PrP has a unique feature that it contains multiple copies of a characteristic motif in its amino acid sequence that is called the “GxxxG” motif, also known as the “glycine zipper”. These proteins normally fold into a characteristic shape called an alpha helix, which allows the protein to penetrate the plasma membrane. The glycins in the zipper motif play an essential role in the crosslinking and stabilization of the alpha helices. This glycine zipper motif is also a common feature of many transmembrane proteins (proteins that cross the cell membrane).

In fact, the coronavirus spike protein has a GxxxG motif in its transmembrane domain (specifically, GFIAG: glycine, phenylalanine, isoproline, alanine, glycine). There is a platform called “Uniprot” where you can query the sequence of specific proteins. The Uniprot entry for the SARS-CoV-2 spike protein has five glycine zipper sequences in total. According to J. Bart Classen, the SARS-CoV-2 spike protein has the ability to “form amyloid and toxic aggregates that can act as seeds to aggregate many misfolded brain proteins and can ultimately lead to neurodegeneration.”

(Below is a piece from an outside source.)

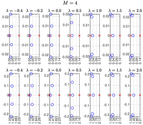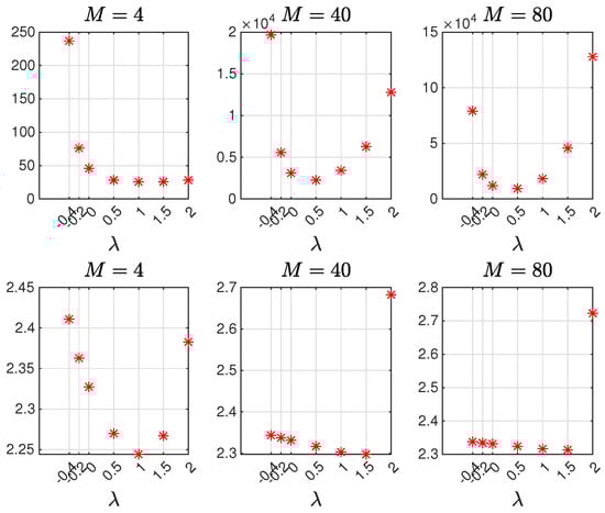 Now, we shift gears and turn our attention to how we can effectively solve system (25) numerically. Notice, first, that while complex exponentials are excellent as basis functions for representing periodic functions, they are often less suitable for nonperiodic functions. On the other hand, orthogonal polynomials are specifically designed to approximate nonperiodic functions over finite intervals, making them a more natural choice for nonperiodic integral equations. Since the coefficient vector function is generally nonperiodic, we solve system (25) using a variant of the SG integral PS method of Elgindy [27] and Elgindy [25]. The latter methods use the barycentric SGG quadratures, constructed using the stable barycentric representation of shifted Lagrangian interpolating polynomials and the explicit barycentric weights for the SGG points, well known for their stability, efficiency, and superior accuracy. These barycentric SGG quadratures allow us to construct the SGIMs (also known as the SG operational matrices of integration) that can effectively evaluate the sought definite integration approximations using matrix–vector multiplications, often leading into well-conditioned systems of algebraic equations. In the present work, we generate the necessary barycentric SGIMs using [28] (Equation (4.38)), which directly defines the required barycentric SGIMs in terms of the barycentric Gegenbauer integration matrices. This modification to the methods of Elgindy [25,27] skips the need to shift the quadrature nodes and weights and Lagrangian polynomials from their original time domain () to the shifted time domain (), and directly constructs the desired SGIM by premultiplying the usual Gegenbauer integration matrix by a scalar multiple, unless the approximate solution values are required at non-collocation time nodes. That is, if we denote the first-order barycentric SGIM by then [28] (Equation (4.38)) immediately tells us that

Many neurodegenerative diseases have been linked to specific proteins that have prion-like properties, and these diseases are characterized as protein misfolding diseases or proteopathies. Like PrP, prion-like proteins become pathogenic when their alpha helices misfold as beta sheets, and the protein loses its ability to enter the membrane. These diseases include Alzheimer’s disease, amyotrophic lateral sclerosis (ALS), Huntington’s disease, and Parkinson’s disease, and each is associated with a particular protein that misfolds and accumulates into inclusion bodies in association with the disease. We already saw that Parkinson’s disease is characterized by Lewy bodies in the substantia nigra accumulating misfolded α-synuclein.

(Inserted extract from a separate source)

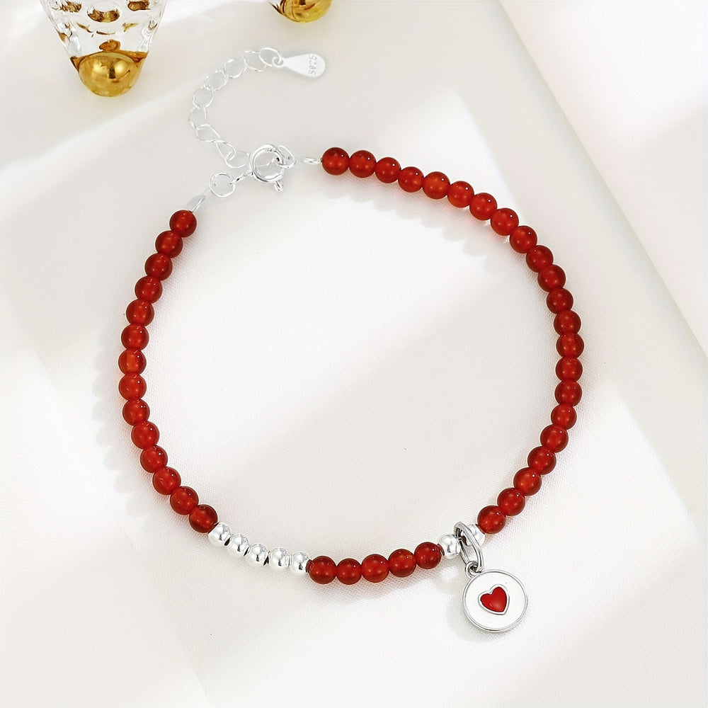 This pure silvery love red agate heart bracelet combines natural gemstone energy with heart symbolism. The vibrant red agate beads symbolize vitality and protection, while the silver heart charm represents love and emotional balance.

Glycins within the glycine zipper transmembrane motifs in beta-amyloid precursor protein (APP) play a central role in Alzheimer’s disease-related beta-amyloid misfolding (Decock et al., 2016). APP contains a total of four GxxxG motifs (one less than the spike protein).

A case study presented the case of a man who developed CKD concurrently with symptomatic COVID-19. The authors proposed that SARS-CoV-2 infection precipitates or accelerates neurodegenerative diseases. A theoretical paper published by researchers in India showed that the spike protein binds to a number of aggregation-prone prion-like proteins, including amyloid beta, α-synuclein, tau, PrP, and TDP-43. They argued that this could initiate aggregation of these proteins in the brain, leading to neurodegeneration.

Tracing the Vaccine’s Trail to the Spleen

It is important to understand what happens to the contents of a vaccine after it is injected into the arm. Where does it travel in the body and what does it do at the sites where it settles?

Vaccine developers are interested in whether the vaccine induces a strong immune response, reflected in high antibody production against the target protein, in the case of COVID-19 vaccines. And to do this, they need to track their movement in the body.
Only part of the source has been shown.